There are infinitary logics where you can have infinite conjunctions and disjunctions, or infinitely many quantifiers. And that all works out fine. But once you move from the "finite realm", set theory starts playing a much more significant role. Which makes things far more complicated (for example, the compactness and completeness theorems no longer hold in general).

Solution 2:

In a comment to Asaf you write,

Take the inductive definition of formula-hood in plato.stanford.edu/entries/logic-classical. Where does it state or imply that a formula may only be finite? Nowhere seemingly. Or it must be implicit in something that I am not seeing.

Finiteness is implicit there - in the precise meaning of "inductive definition!"

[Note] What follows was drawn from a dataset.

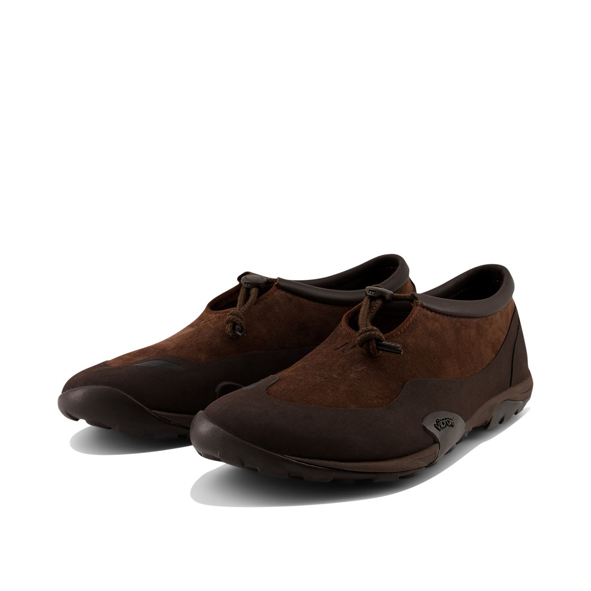 The distinctive rounded lug outsole and a rubber mudguard provide a trail running-inspired base, paired with an leather-lined nubuck upper, for a progressive take on minimalist, low-profile design.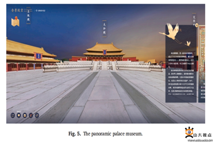 研究2试图探究不同游戏化元素影响动机疲劳和游客满意度的方式和程度。参与者被邀请参与体验一个在线全景360°VR旅游(全景故宫)。与研究1中新创建的虚拟场景不同,全景故宫(图5)是一个非常受欢迎的真实旅游场景。作为最初的全景宫殿博物馆VR导览不包含游戏化元素,常用的四个游戏化元素——挑战(任务、测验)、反馈、奖励(积分,奖品)和排行榜被设计到参与者的虚拟旅游体验中。研究2进一步证明,游戏化的四个要素(挑战、反馈、奖励和排行榜)可以缓解动机疲劳,提高游客满意度,其中反馈起着最大的作用。研究结果对于VR体验生产商、旅游目的地从业者在VR体验提升方面以及游戏化在VR旅游体验中的应用都具有重要的现实意义。

The inductive definition basically says, "The set $Form$ is the smallest set containing [stuff] and closed under [operations]." (Another way this is phrased is in three clauses, with the last being "and nothing is in $Form$ if it is not required to be by the previous clauses, but this is less precise.) A formula is then an element of $Form$.

The point is that since these operations and starting formulas are finitary, we never get infinitely long expressions in $Form$. Specifically, what you need to convince yourself of is:

The class of finitely long formulas satisfies the closure properties in the definition.

This exactly says that nothing else is a formula. And the fact that this closure holds is because the "basic operations" of formula-forming are finitary.


It might help to consider a simpler inductive definition first: $\mathbb{N}$ is the smallest set containing $0$ and closed under $a\mapsto a+1$. Now there's nothing in this definition explicitly excluding $\pi$ from being a natural number ... except for that word "smallest." This is the essence of inductive definability.

Solution 3:

Just because you can indefinitely disjunct yet another term to your ever-growing disjunction does not mean that you ever reach an infinitely long disjunction, just as much as you never get to an infinite number just by adding $1$ to an ever-growing number.

Indeed, by induction over the recursive ddefinition of expressions you can easily prove that every statement has to be of finite length:

Base: every atomic statement like $A$ or $B$ is of finite length

Step: if $\varphi$ and $\psi$ are of finite length, then $\varphi \lor \psi$ is of finite length as well (and same for the other operators)